Blood culture-negative IE (BCNIE) refers to infective endocarditis (IE) in which no causative microorganism can be grown using the usual blood culture methods. BCNIE accounts for 5–10% of all cases of endocarditis [1]. This variation is caused by differences in the diagnostic criteria and sampling strategies used. A European study included 820 cases indicated 20% of patients with confirmed IE had negative blood cultures [2]. BCNIE often produces considerable diagnostic and therapeutic dilemmas, which result in poor prognosis.

2. Main etiologies of BCNIE

There are three main causes for BCNIE.

  1. Administration to antimicrobial agents before blood culture.

  2. Endocarditis related to fastidious microorganisms in which prolonged incubation is necessary.

  3. True blood culture-negative endocarditis, due to intra-cellular bacteria that cannot be detected by currently available routine blood culture system.

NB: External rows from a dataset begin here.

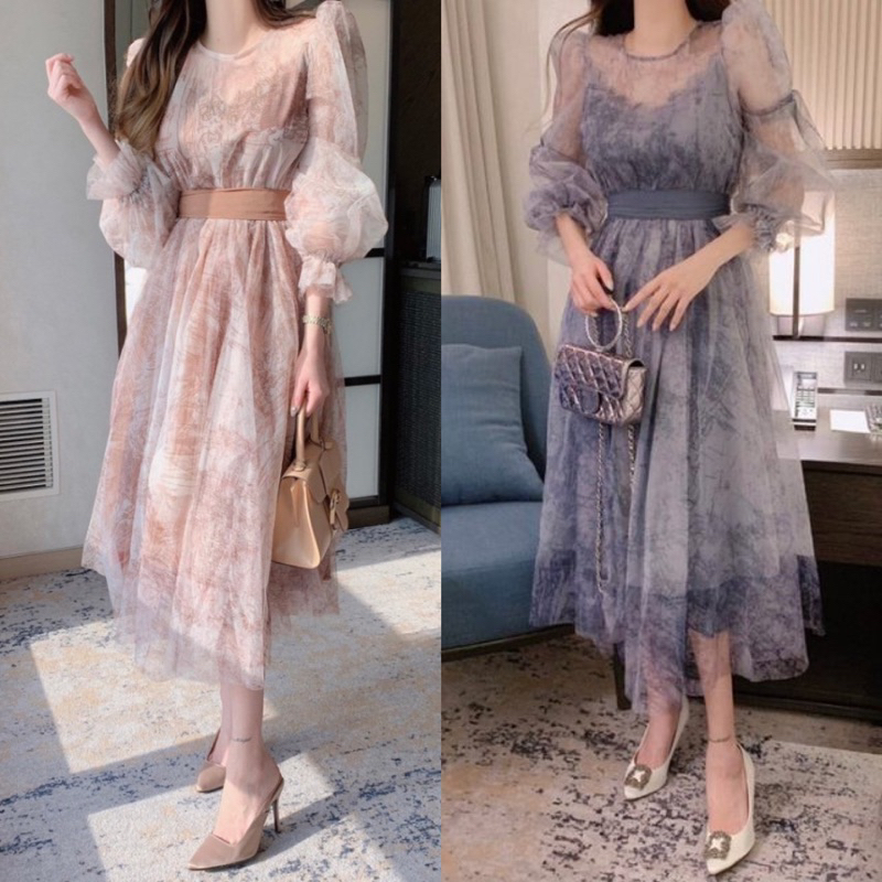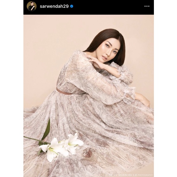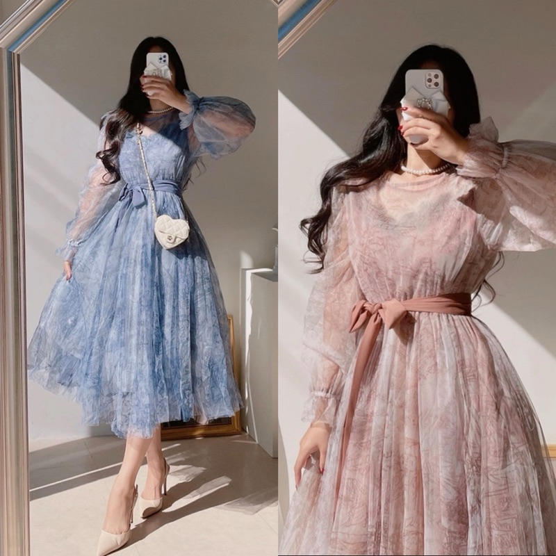 Lucinta Dress Korean Floral Dinner Mewah Elegant Spring Prewed Tile Flare Gaun Cantik Mekar Lengan Panjang Poplin Manis
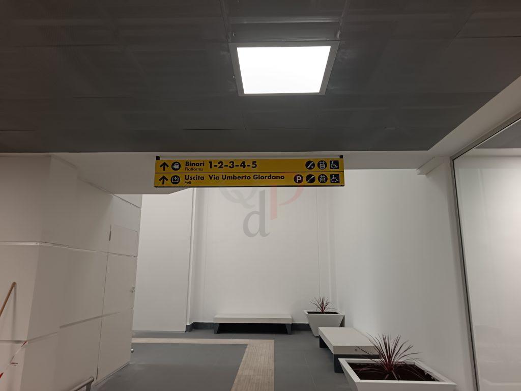 Gli operai hanno installato anche una nuova insegna luminosa con il nome della stazione che è stata posizionata, al posto della precedente, sul porticato in cemento.
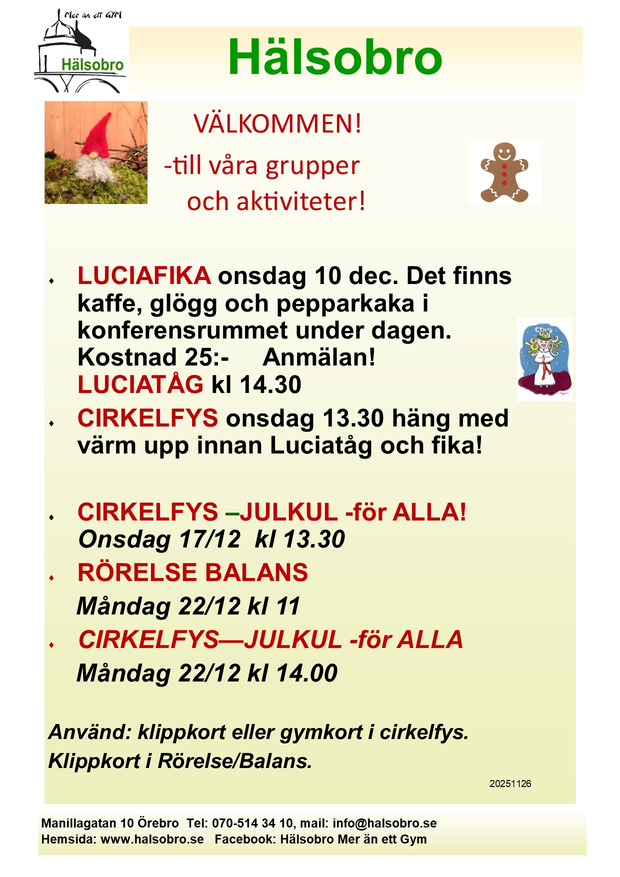 Dag före afton & helgdag stänger Hälsobro kl.12.00
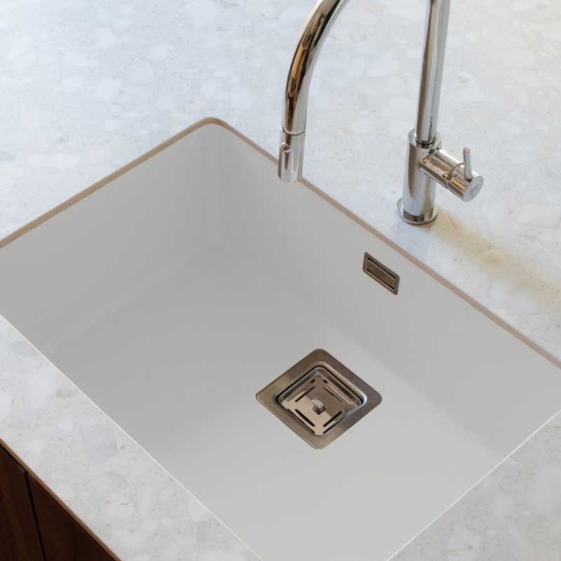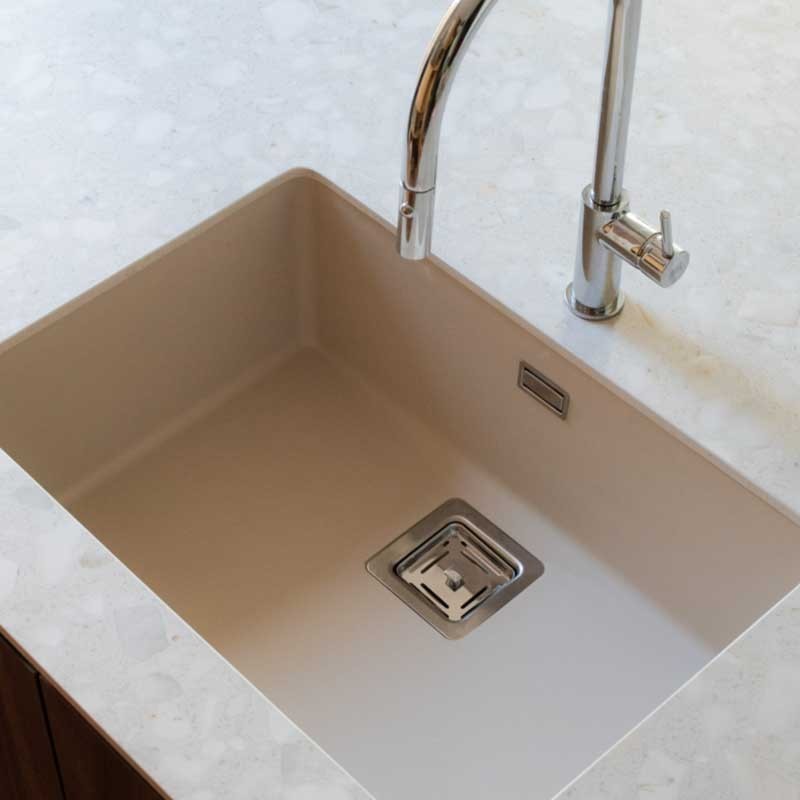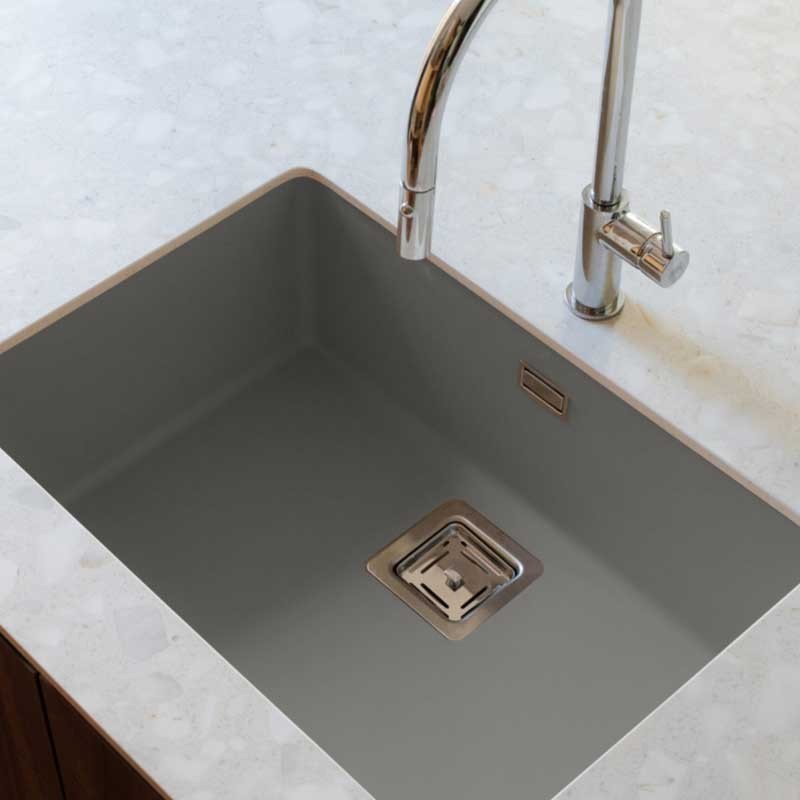 Évier en granit Hekla® modèle Zie 60 finition mate conçu pour une installation sous le plan de travail ou sur le plan de travail dans des meubles d'au moins 70 cm.
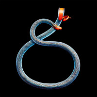 На снимке изображена змея с обвитым телом. Он, по-видимому, изменяется в цифровом виде или визуализируется, так как цвета и четкость довольно яркие и высокой четкости, которые обычно не видны на естественных изображениях змей.
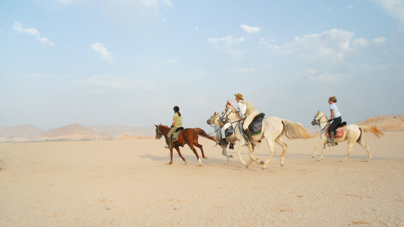 Normalt är underlaget bra med hård packad sand som lämpar sig för ett par uppfriskande galopper. Du förflyttar dig varje dag och bor i små tvåmanstält under mycket enkla förhållanden. Du får uppleva den beduinska livsstilen och måltiderna, som är mycket goda. Äventyret avslutas vid Döda Havet. Det är lyxigt att ta en lång dusch och ett dopp i det salta, turkosblå havet innan det är dags att åka hem. Vi kan boka in extra nätter om ni vill stanna vid Döda havet.

If all microbiological assays are negative, noninfective endocarditis is considered, and systematically differential diagnosis should be performed. Nonbacterial thrombotic endocarditis (marantic endocarditis) in patients with malignant tumor and systemic diseases such as SLE and Behҫet are two main causes of noninfective endocarditis.

3. Diagnostic approach

Definitions of the terms used in the European Society of Cardiology 2015 [4] modified criteria adapted from modified Duke Criteria [3] were shown in Table 1. Diagnosis of IE is drawn as follows:

3.1. Definition

Pathological criteria: Microorganisms demonstrated by culture or on histological examination of a vegetation, a vegetation that has embolized, or an intracardiac abscess specimen; or pathological lesions; vegetation or intracardiac abscess by histological examination showing active endocarditis.

Clinical criteria: two major criteria; or one major criterion and three minor criteria or five minor criteria.

Possible IE: One major criterion and one minor criterion or three minor criteria.

Rejected IE: Firm alternate diagnosis; or Resolution of symptoms suggesting IE with antibiotic therapy for ≤4 days; or No pathological evidence of IE at surgery or autopsy, with antibiotic therapy for ≤4 days; or Does not meet criteria for possible IE, as above.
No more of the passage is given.